> DATASET EXCERPT:
━━━━━━
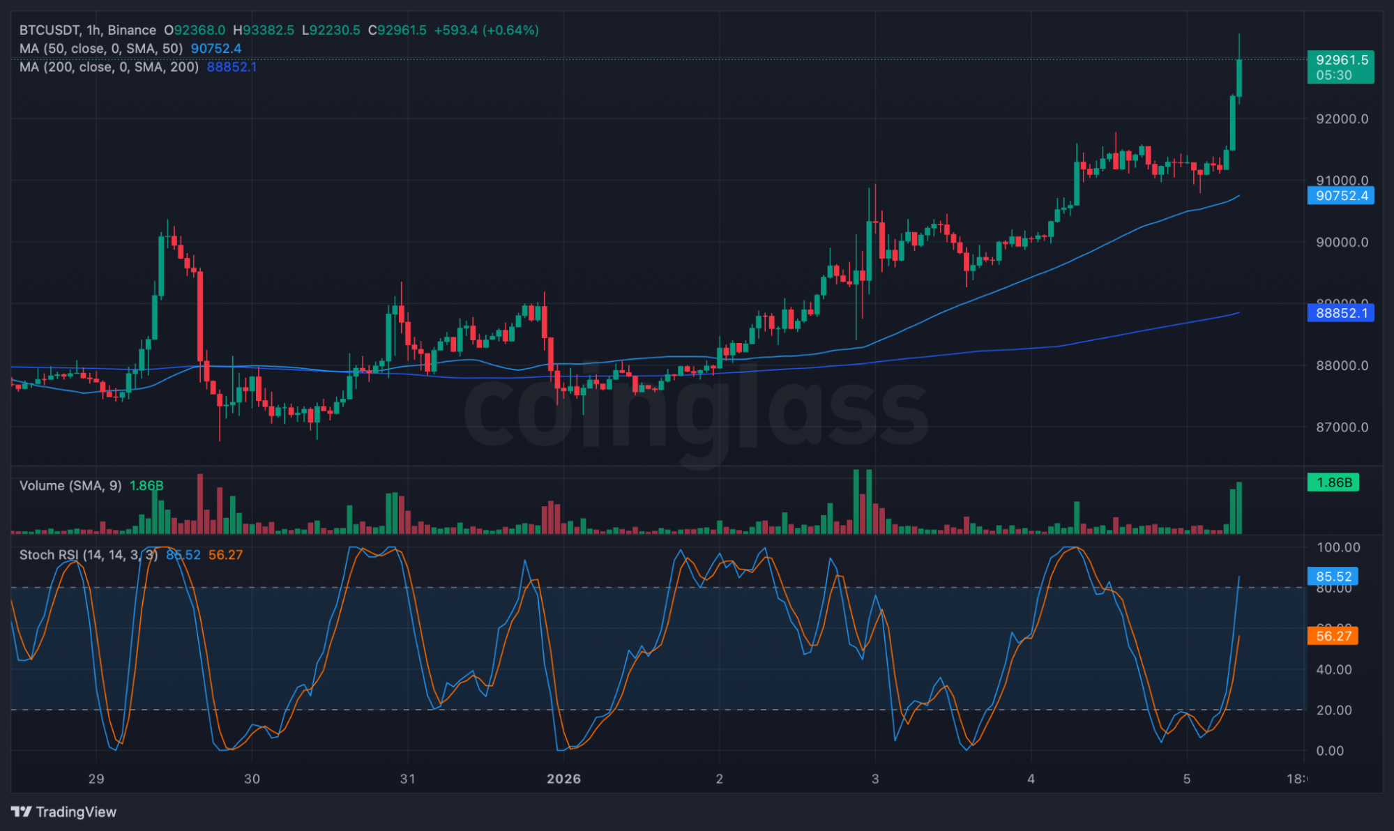 Bitcoin, aset kripto terbesar berdasarkan kapitalisasi pasar, mengalami pump impresif hari ini. Harga BTC naik lebih dari 2,5% dalam 24 jam terakhir, mencapai puncak di atas $93.185. Ini merupakan kelanjutan dari rebound awal 2026, di mana BTC sempat menyentuh $91.000 kemarin sebelum melanjutkan kenaikannya. Para analis menyebut bahwa perkembangan geopolitik di Venezuela, termasuk aksi AS yang memengaruhi sentimen pasar, menjadi salah satu katalis utama.
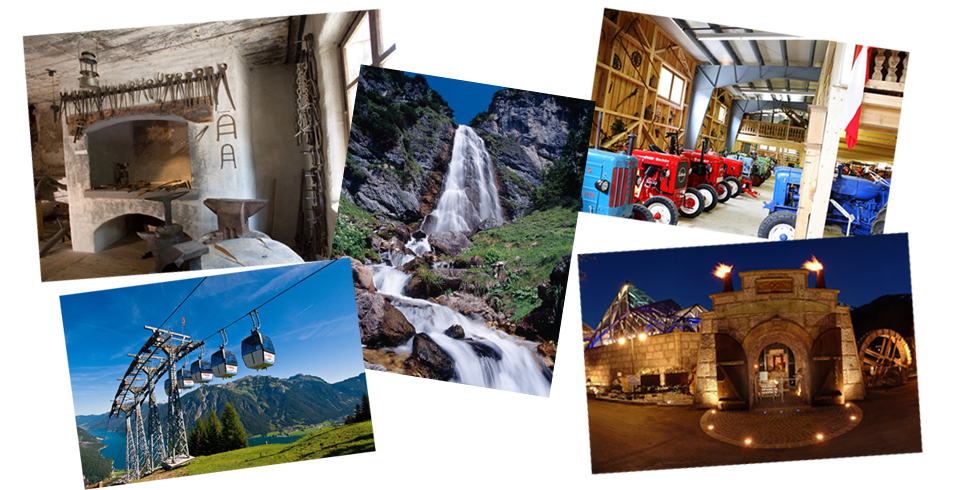 Dalfazer Wasserfall - Heimatmuseum Sixenhof - Tiroler Steinölmuseum - Traktoreum - Museum für alte Traktoren uvm.
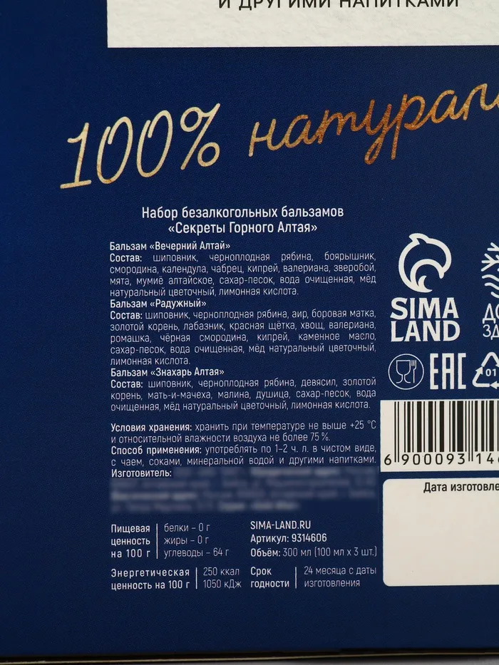Бальзам безалкогольный «Секреты горного алтая», набор 3 шт. х 100 мл. — Характеристики
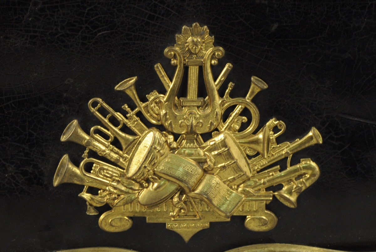 DEUX GIBERNES à partitions en cuir noir verni. Garnitures en laiton doré telles que trophée d'instruments de musique et liseré.
━━━━━━
> WHAT THE TASK REQUIRES:
Retype the whole listing exactly and leave the pictures out.

> EXERCISE ANSWER:
 Bitcoin, aset kripto terbesar berdasarkan kapitalisasi pasar, mengalami pump impresif hari ini. Harga BTC naik lebih dari 2,5% dalam 24 jam terakhir, mencapai puncak di atas $93.185. Ini merupakan kelanjutan dari rebound awal 2026, di mana BTC sempat menyentuh $91.000 kemarin sebelum melanjutkan kenaikannya. Para analis menyebut bahwa perkembangan geopolitik di Venezuela, termasuk aksi AS yang memengaruhi sentimen pasar, menjadi salah satu katalis utama.
 Dalfazer Wasserfall - Heimatmuseum Sixenhof - Tiroler Steinölmuseum - Traktoreum - Museum für alte Traktoren uvm.
Бальзам безалкогольный «Секреты горного алтая», набор 3 шт. х 100 мл. — Характеристики
 DEUX GIBERNES à partitions en cuir noir verni. Garnitures en laiton doré telles que trophée d'instruments de musique et liseré.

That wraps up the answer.